I must explain. Oh, I lose time just by looking at you, and how fitfully you sleep, and even so, how beautiful you are. It is strange to write this in a hurry, that I have written twenty times or more out in Egypt. Often I got as far as to give it to the boy to take to the post – and then I sent another boy after the first to retrieve him. And the longer time went on, the harder it was to write, until the thought of it weighed me down and I could not even put pen to paper.
She had slept fitfully and had not noticed Gabe writing anything in all the times she had roused herself, but perhaps she had not woken up, only dreamed she had.

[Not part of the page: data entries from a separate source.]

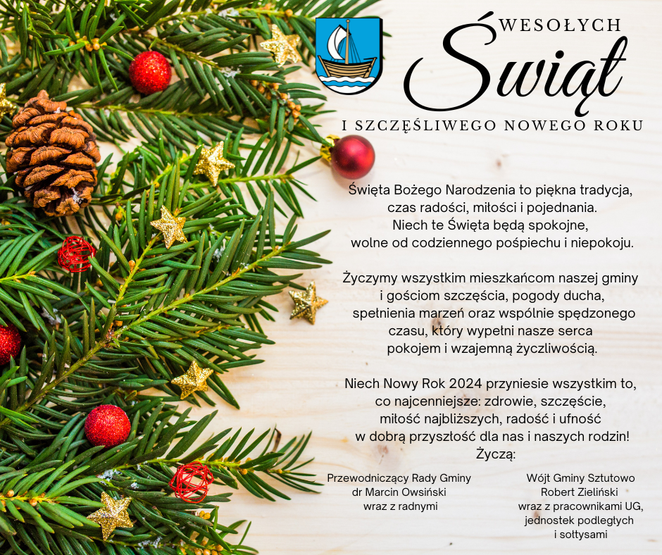 Życzymy wszystkim mieszkańcom naszej gminy i gościom szczęścia, pogody ducha, spełnienia marzeń oraz wspólnie spędzonego czasu, który wypełni nasze serca pokojem
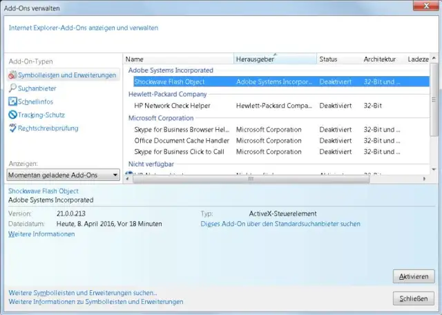 Klicken Sie in der linken Spalte allenfalls auf Symbolleisten und Erweiterungen und wählen Sie unten bei «Anzeigen» gegebenenfalls «Alle Add-Ons». Im rechten Fensterteil finden Sie entweder «Adobe Systems Incorporated» oder (unter Windows 10) den Hersteller «Microsoft Windows Third Party Application Component». In beiden Fällen dürfte das Flash-Plugin als «Shockwave Flash Object» drinstehen. Klicken Sie es an und verwenden Sie unten die Schaltfläche Deaktivieren. Tipp: Falls Sie hier auch Java entdecken, deaktivieren Sie das ebenfalls. Wenn Sie danach die Seite https://helpx.adobe.com/de/flash-player.htm neu laden und die Überprüfung erneut vornehmen, werden Sie sehen, dass Flash jetzt deaktiviert ist.
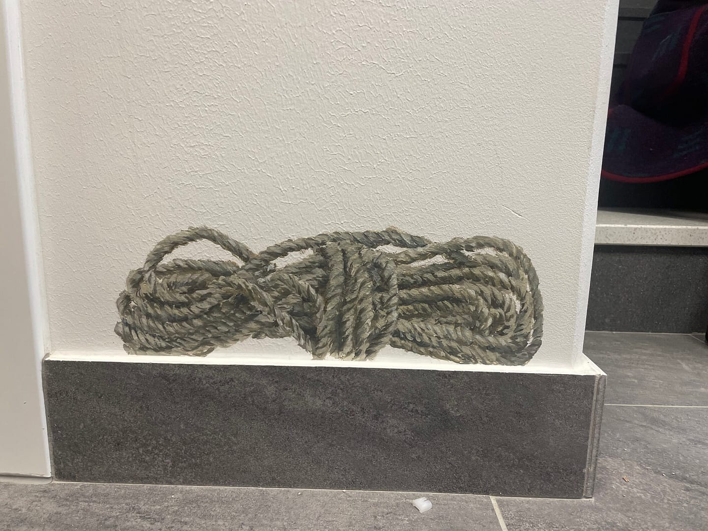 Moreover, coiled ropes, essential to any harbor, are depicted with remarkable realism. Their intricate twists and turns invite viewers to almost reach out and touch them. Unexpectedly, a fish dangles from a hook attached to a mailbox, adding a whimsical touch to the maritime tableau.
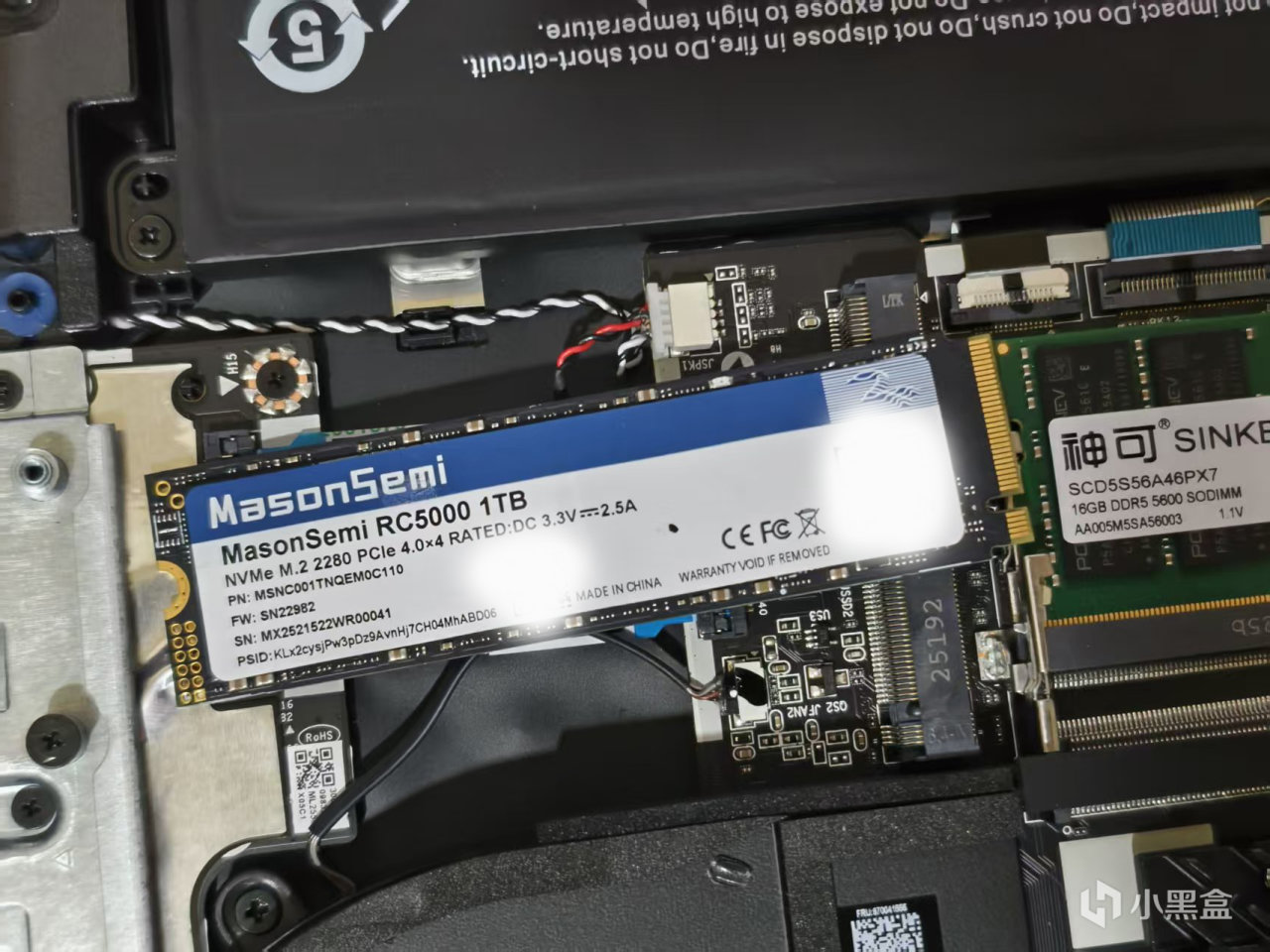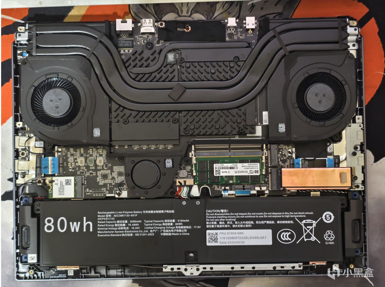 从拆机图来看一下散热,机器采用了3风扇4热管的内吹散热结构,主风扇将大部分热源从后侧出风口吹出,中央小风扇可以辅助排出中央区域的积热,这个散热规格也是这台机器真正核心的部分,核心部分的CPU+GPU+散热模组三大件没有缩水,提供了同价位越级性能表现:机器内部结构布局也比较简单,硬盘和内存的位置一眼可见,方便加装扩展:

‘Bad news, lassie?’ said the old lady. ‘You look awful pale.’
Rebecca put her hand to her cheek. ‘I don’t know if it is good or bad.’
‘Ach well, a visit to the countryside will right that, plenty of wind to burn some colour into your cheeks, right enough.’
I must explain!
I left hoping to make my mark on the world. And in the cause that the Bedouins took me to, the plight of the men at the canal, I thought I had found a way to do it.
Did you hear of the rebellion, did it come to the newspapers here? I think it must have, and you would have read it.
Oh Rebe, it was marvellous! The Bedouin are the most fearsome warriors you ever saw. They lent me a horse, a skinny creature, but fast, fast as a wave breaking. And they lent me a costume to match their own, not like the riders here wear, but light swathes of fabric wrapped all around which seem to blend into the wind. Writing about them again I see them so clearly, as if they are real and Glasgow is not.